La volontà di camminare insieme, scaturita dalle molteplici esperienze di sinodalità attuate da molti anni in questi gruppi di donne, ha portato alla decisione di approfondire, tra i 10 punti tematici del Documento preparatorio del Sinodo dei vescovi:

il punto VIII- AUTORITÀ E PARTECIPAZIONE, che abbiamo preferito declinare in PARTECIPAZIONE E AUTORITÀ;

e il punto IX- DISCERNERE E DECIDERE, snodi fondamentali nel percorso di questa rete sinodale e, come abbiamo scoperto insieme, da tempo sviscerati e condivisi nelle stesse reti di donne.

Pur nei limiti di un incontro online, abbiamo condiviso momenti simbolici di preghiera, una meditazione biblica, le esperienze dei nostri gruppi e associazioni di donne, una relazione canonistica, le testimonianze di esercizio di un ministero autorevole di donne italiane, tedesche e brasiliane. Abbiamo fatto emergere anche le competenze delle donne e uomini presenti all'incontro, circa 170, attraverso la suddivisione in 14 stanze virtuali, un luogo di confronto libero e aperto per condividere pensieri, parole, opere e ... omissioni, suscitate dall'ascolto, dalle visioni, dalle esperienze, dal partire da sé.

Vogliamo condividere con voi, fratelli vescovi, alcune suggestioni emerse dal lavoro comune delle associazioni che aderiscono alla Rete sinodale, permettendoci anche qualche provocazione emersa nel dibattito appassionato che ha messo in luce un grande amore per le nostre comunità cristiane, nella speranza che possano contribuire alla riflessione sui punti VIII e IX del Documento preparatorio. Vi offriamo la nostra riflessione comune, così articolata: Parole-chiave /Criticità e omissioni /Visioni.

PAROLE-CHIAVE

Le suggestioni create dalle relazioni, dalla visione dei video, dall'ascolto delle esperienze suscitano emozioni e producono pensieri che diventano parole significative e assertive, strumenti per narrare la realtà, sguardi per scrutare l'invisibile.

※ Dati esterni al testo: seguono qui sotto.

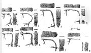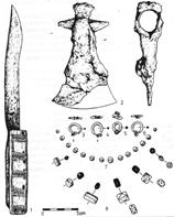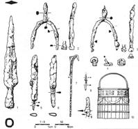 W obiekcie nr 69 odkryto, prócz długiego żelaznego noża z bogato zdobioną kościaną rękojeścią, o niewątpliwym charakterze bojowym, także żelazny czekan. Pochówek kupca zajmującego wyjątkową pozycję w strukturze ówczesnego społeczeństwa, oprócz pary ościeni, 6 haczyków do wędek, 2 szydeł, nożyc, 3 noży, sprzączki do pasa, wiadra (wszystkie przedmioty z żelaza), brązowego okucia pasa i 2 osełek kamiennych, dostarczył również unikatowych zestawów przedmiotów służących do odmierzania kruszcu, tj. ręcznej wagi składanej wraz z zestawem 19 odważników. Do tej grupy należy również zaliczyć przynajmniej 3 dalsze pochówki zawierające srebrne monety. Łącznie na cmentarzysku w Sowinkach odkryto 250 tzw. zabytków wydzielonych. Zabytki podzielono na 3 grupy: I. przedmioty reprezentujące części stroju i ozdoby: kabłączki skroniowe, paciorki szklane, bursztynowe i z kamieni półszlachetnych, pierścionki, wisiorki, sprzączki do pasa; II. przedmioty codziennego użytku: noże z pochewkami, wiadra, osełki, krzesiwa, nożyce, szydła, naczynia gliniane; do tej grupy zaliczono również przedmioty o charakterze specjalnym, jak waga składana, odważniki do wagi, okucia i gwoździe do trumny oraz monety; III. uzbrojenie: groty włóczni, groty strzał, czekany, ostrogi, sprzączki do ostróg. Wstępnie chronologię cmentarzyska w Sowinkach ustalono na przełom X i XI po XI wiek włącznie. Na podstawie odkrytych 4 monet oraz dużej liczby kabłączków skroniowych typu 1 i 3 o średnicy około 1 cm, jak również ostróg, czekana, grotu włóczni, wisiorka dzwoneczkowatego, a także niektórych noży można z dużym prawdopodobieństwem uściślić datowanie większości grobów do 1 połowy XI w. Z kolei przynajmniej do 2 połowy XI i 1 połowy XII w. można odnieść nieliczną wprawdzie część kabłączków o esowatych uszkach i średnicy ponad 3 cm. - opracował B. Kuik na podstawie publikacji: A.Krzeszowski: Wstępne wyniki badań archeologicznych na wczesnośredniowiecznym cmentarzysku szkieletowym z X/XI-XI w. w miejscowości Sowinki, gm. Mosina, woj. poznańskie, stanowisko 23a - Wielkopolskie Sprawozdania Archeologiczne Poznań1992 » zobacz pełną wersję dokumentu |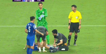 第23分钟,极具威胁,拉卡瓦内切射门击中球网,随后陈晋一接受治疗

EXOUSIA: quando il “replicare” genera

Nel racconto del Vangelo di Marco incontriamo una donna siro-fenicia che non arretra: è l'unica in tutta la tradizione sinottica ad avere una parola diretta con Gesù, non tace, non litiga, non contesta e non si fa ingabbiare dalla definizione ostile e sgarbata (se lei e sua figlia meritino di essere paragonati a cani bastardi). La donna vede altro e così riconfigura la metafora, riconfigura il contesto e la rimanda a Gesù contro il suo punto di vista inizialmente sprezzante. Gesù vede il lancio del pane a dei cani come se fossero un branco famelico in attesa di sbranare, divorare il boccone; con le parole della donna, cambia la scena: un pranzo in famiglia, una tavola apparecchiata insieme ai bambini che lasciano cadere le briciole e sotto la tavola le briciole raccolte dai cani domestici. Sono queste parole, sono le parole di lei che Gesù riconosce autorevoli. Sotto la tavola si vedono cose a cui lo sguardo di Gesù sembrava essere cieco, perché da dove guardi il mondo tutto dipende e guardare il mondo da sotto il tavolo cambia la prospettiva. Cambiare prospettiva, cambiare mentalità: questo è l’ascolto autentico. È Gesù a fare metanoia: la donna diventa maestra di Gesù, che riconosce l’autorevolezza delle sue parole. Gesù si fa suo discepolo. Come spesso succede alle donne, della donna che fu per un giorno maestra di Gesù non conosciamo il nome.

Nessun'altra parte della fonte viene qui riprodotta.